> **Your goal**:
Reproduce the listing exactly. Omit pictures.

> **Material provided**:
.....
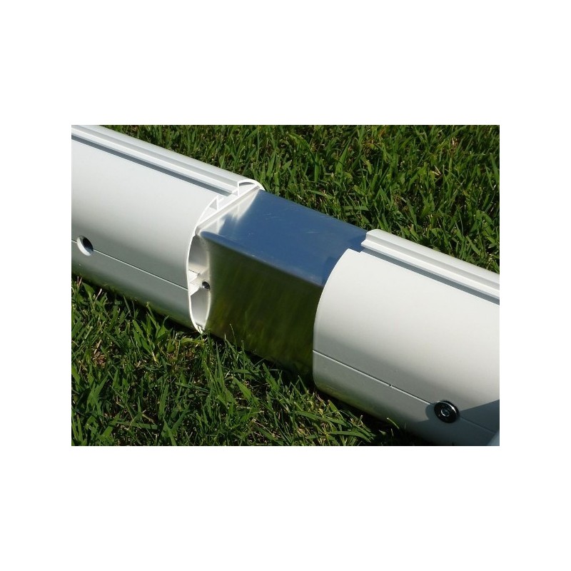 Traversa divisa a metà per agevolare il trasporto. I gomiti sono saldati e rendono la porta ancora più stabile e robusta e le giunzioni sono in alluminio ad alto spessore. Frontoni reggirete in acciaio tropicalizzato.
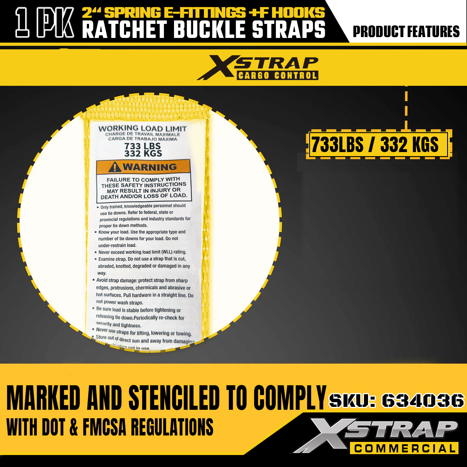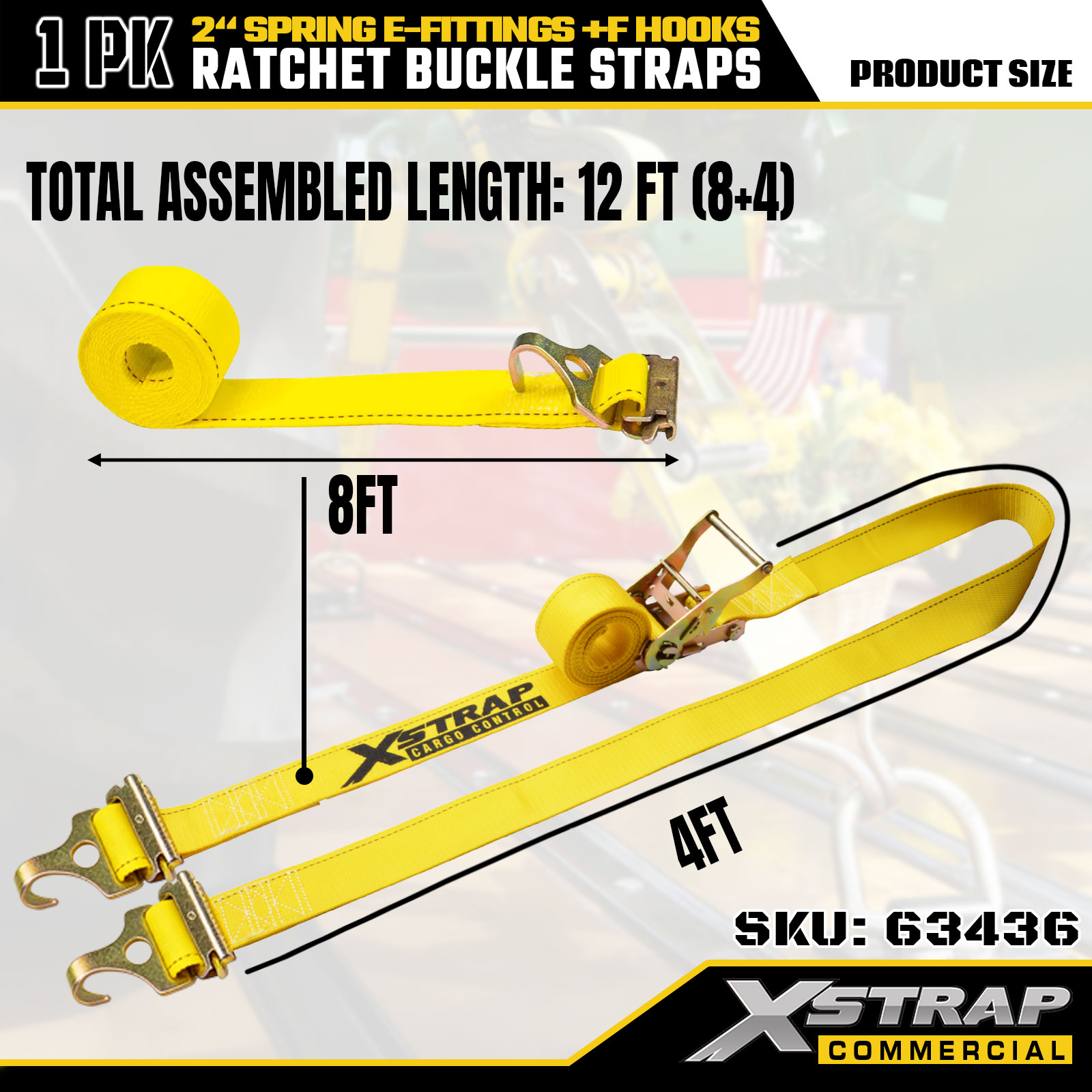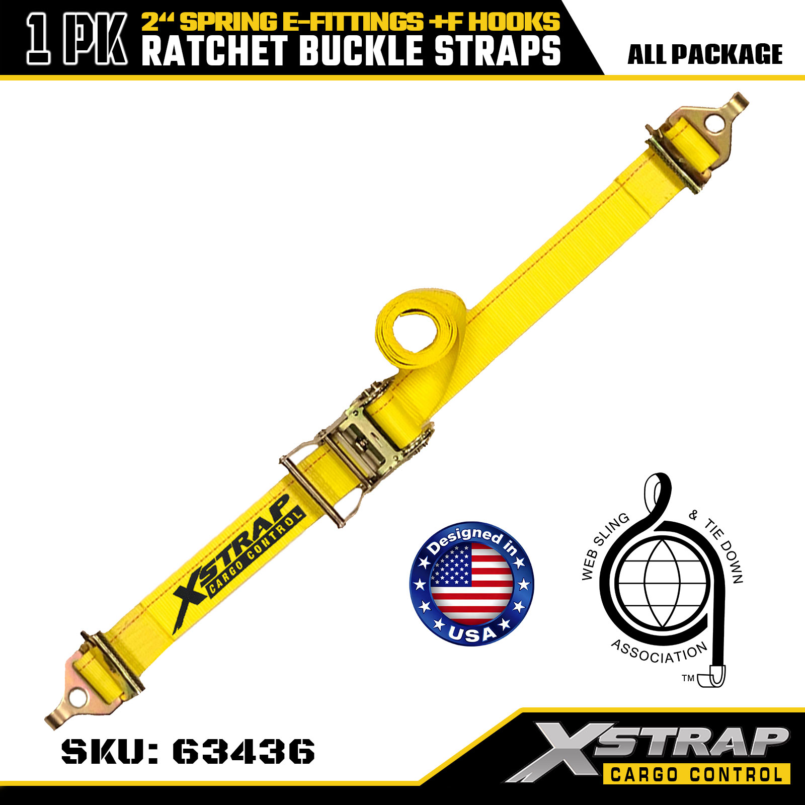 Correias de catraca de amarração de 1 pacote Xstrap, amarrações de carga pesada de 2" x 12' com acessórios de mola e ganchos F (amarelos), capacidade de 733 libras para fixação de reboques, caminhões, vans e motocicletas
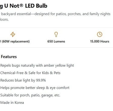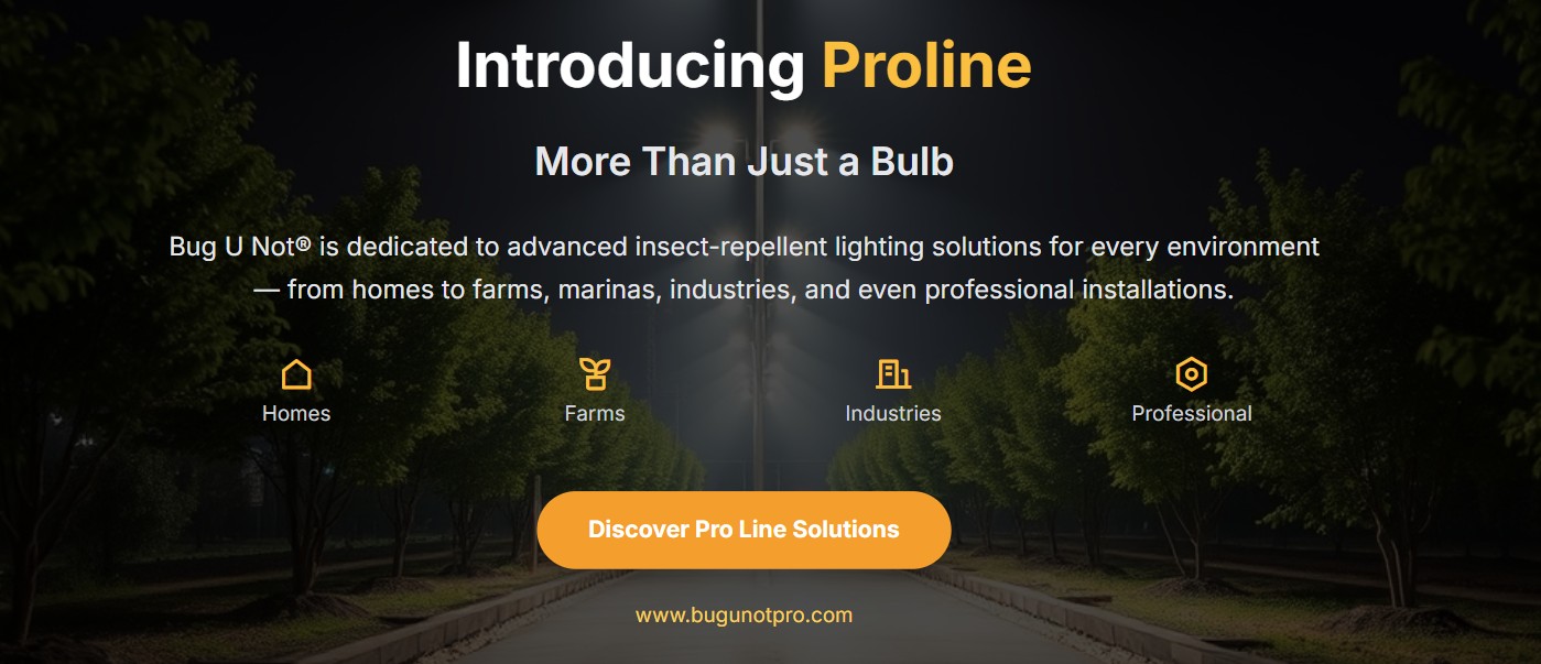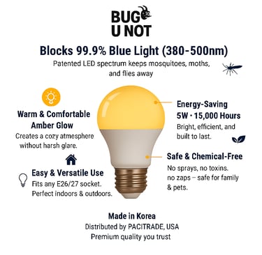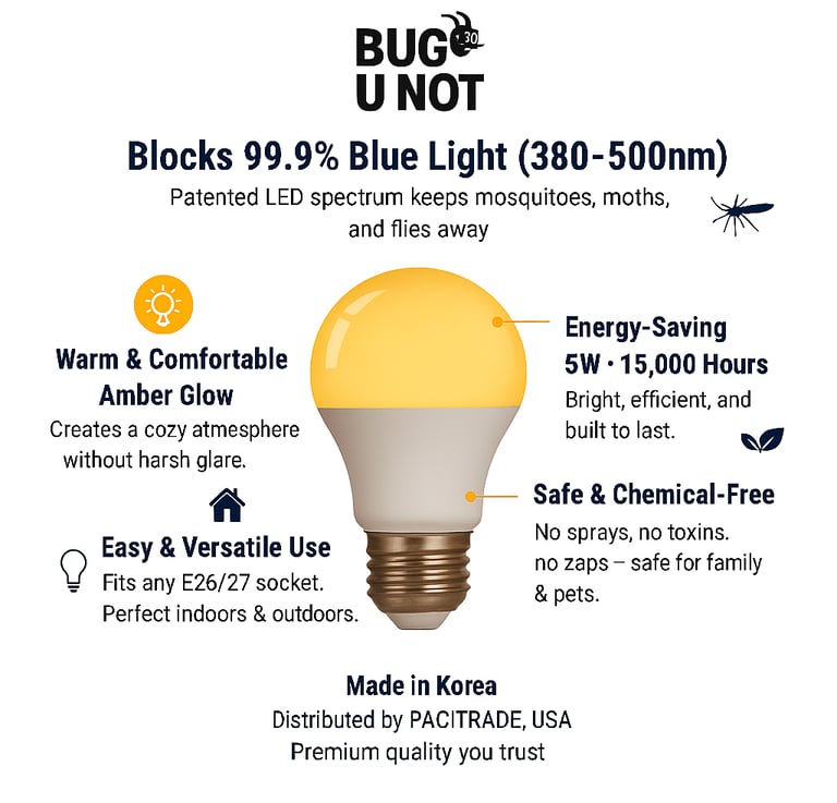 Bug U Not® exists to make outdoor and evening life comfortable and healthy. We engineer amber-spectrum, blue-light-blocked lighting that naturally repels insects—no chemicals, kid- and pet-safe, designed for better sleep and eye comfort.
.....
> **Completed exercise**:
 Traversa divisa a metà per agevolare il trasporto. I gomiti sono saldati e rendono la porta ancora più stabile e robusta e le giunzioni sono in alluminio ad alto spessore. Frontoni reggirete in acciaio tropicalizzato.
 Correias de catraca de amarração de 1 pacote Xstrap, amarrações de carga pesada de 2" x 12' com acessórios de mola e ganchos F (amarelos), capacidade de 733 libras para fixação de reboques, caminhões, vans e motocicletas
 Bug U Not® exists to make outdoor and evening life comfortable and healthy. We engineer amber-spectrum, blue-light-blocked lighting that naturally repels insects—no chemicals, kid- and pet-safe, designed for better sleep and eye comfort.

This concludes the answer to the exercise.